Mr. Dosanjh acknowledged that patriarchy exists in other cultures, “but that doesn’t justify it among South Asians. Justice ought not to be relative. This is about fairness and dignity toward women.”

Ms. Prahst said girls are still seen as a liability in many South Asian families because: of the desire to retain the family name; the “enormous economic investment in the son,” who is then to care for his aging parents; and the ongoing tradition of brides having to provide lucrative dowries to their husbands.

“We can longer be silent about this issue. It’s time for us all to speak out against gender inequality,” she declared.

Rajvinder’s father, Lakhvinder Kahlon, appeared in Surrey Provincial Court yesterday afternoon, charged with the first-degree murder of his youngest daughter.

Mr. Kahlon, with short, frizzy hair and a trim grey beard, appeared stunned when brought into court for his brief first appearance. He stood with arms folded across his chest, then sat down and stared ahead, showing no emotion.

Judge William MacDonald ordered a 30-day psychiatric assessment to determine whether the accused is fit to stand trial.

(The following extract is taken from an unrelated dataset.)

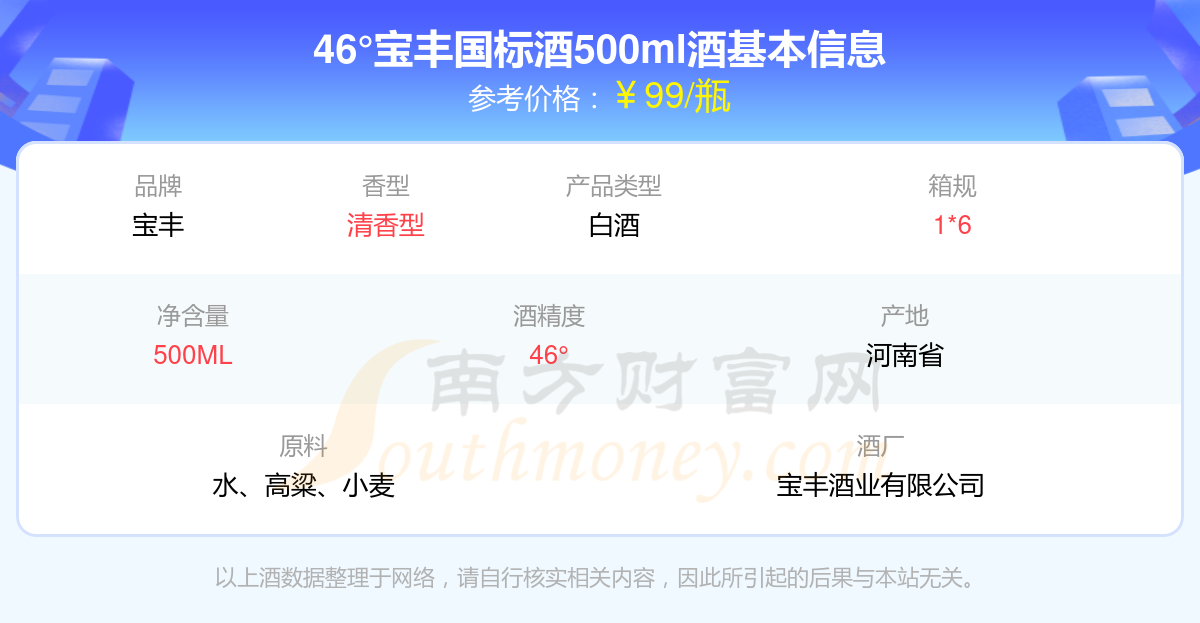 46°寶豐國(guó)標(biāo)酒500ml基本信息

He also imposed a publication ban on all evidence presented in court.

Defence lawyer Kris Pechet said his 47-year-old client is “very distraught.”

Rajvinder was killed at home while her mother, Manit Kaur Kahlon, walked the couple’s two older daughters to school.

An uncle of the dead girl, who asked to be identified only by his first name, Jimmi, described her as “vibrant and very precious. One can only imagine what her mother is going through.”